The line between the automotive and tech industries is perpetually being blurred. In fact, CES — the tech world's giant annual electronics show in Las Vegas that takes place every January — featured so much auto technology this year that observers joked that the letters no longer stood for "Consumer Electronics Show," but rather "Car Electronics Show."
As self-driving cars move from fantasy to development to, eventually, commonplace on the roads, the connection between vehicles and the tech world will become even more inextricable.
And while every major automaker would love to be the marque that puts the first autonomous car on the market, the computing technology — not the engine and transmission coming off an assembly line — still must advance in the coming years before a car self-drives itself off the lot for you.
On the heels of a recent multibillion-dollar acquisition, a familiar name in computing may soon be responsible for coming advances in autonomous vehicle technology — and could ignite a great deal of competition among the players already in the auto tech world.
On March 13, Intel purchased Israeli firm Mobileye for $15 billion, jumping into the automotive sector in a massive way. Intel is the dominant company for CPUs in desktops and laptops, dwarfing nearest competitor AMD's market share, but it had not made a big splash in self-driving car technology until now.
As Vox tech writer Timothy B. Lee writes, the Mobileye purchase makes a lot of sense for Intel, due to an analogous business model of providing automakers and PC-makers, respectively, important component parts.
"Customers who buy cars with Mobileye chips and sensors inside may not even know they're using Mobileye technology. They'll just know they bought a car from Ford or Volvo or whoever. Which is exactly how the carmakers like it," Lee speculates.
The timing of the acquisition speaks of this being a necessary one for a huge tech player like Intel. Goldman Sachs estimates that the self-driving car market will be worth $96 billion in 2025 and $290 billion in 2035, up from just $3 billion in 2015.
Furthermore, while Intel had invested in some self-driving startups, according to CNBC, its competitors have been in the autonomous vehicle world in a much more substantive way.
Nvidia, albeit more known for graphics cards as opposed to Intel's CPUs, is thought to be the current leader in self-driving computing. Its development in the self-driving car world has been partly responsible for its soaring stock price during the last two years, and its clients include Honda, Volvo, Mercedes-Benz and Tesla.

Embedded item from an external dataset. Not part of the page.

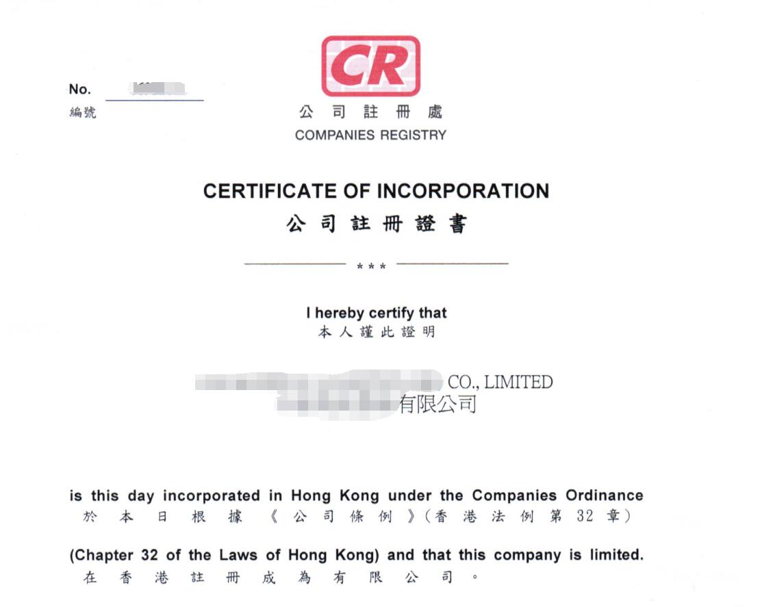- 公司名稱:該證書將列出香港公司的全名(英文名稱、中文名稱)。

And just days after Intel announced its Mobileye purchase, Nvidia and Bosch unveiled a new artificial intelligence computer for self-driving cars with the necessary computing strength for "Level 4" autonomous driving, whereby a car can fully drive on its own with a human present in case of necessary intervention. To put that in context, Level 5 driving, the top level on the Society of Automotive Engineers' scale, is completely autonomous with no need for any human input at any time.
AMD — the perpetual Intel rival for PC microprocessors — has also made efforts in the past several months to have its newest technology featured in futuristic uses like AI, machine learning and autonomous driving. ARM, a company best known for having its chips in smartphones, also recently announced a new chip aimed in part at self-driving technology.
In addition to the ground it may have already lost to competitors, the Mobileye acquisition comes as a risk for Intel, as it paid a 34.5 percent premium for Mobileye based on the Israeli company's stock price on March 13. Intel opening up the checkbook also comes at a time when AMD's new Ryzen CPU chip is getting tons of good press, possibly threatening Intel's stranglehold on its signature processors.
Nonetheless, Intel should still benefit from Mobileye's existing relationships with 27 car manufacturers, according to Mobileye CTO Amnon Shashua.
At this point in automotive history, computing technology is arguably as crucial to new cars as the four wheels touching the pavement. In the future, far less human input will be required in those new cars. How quickly we arrive at that future is as much the responsibility of computing firms as it is that of traditional automakers.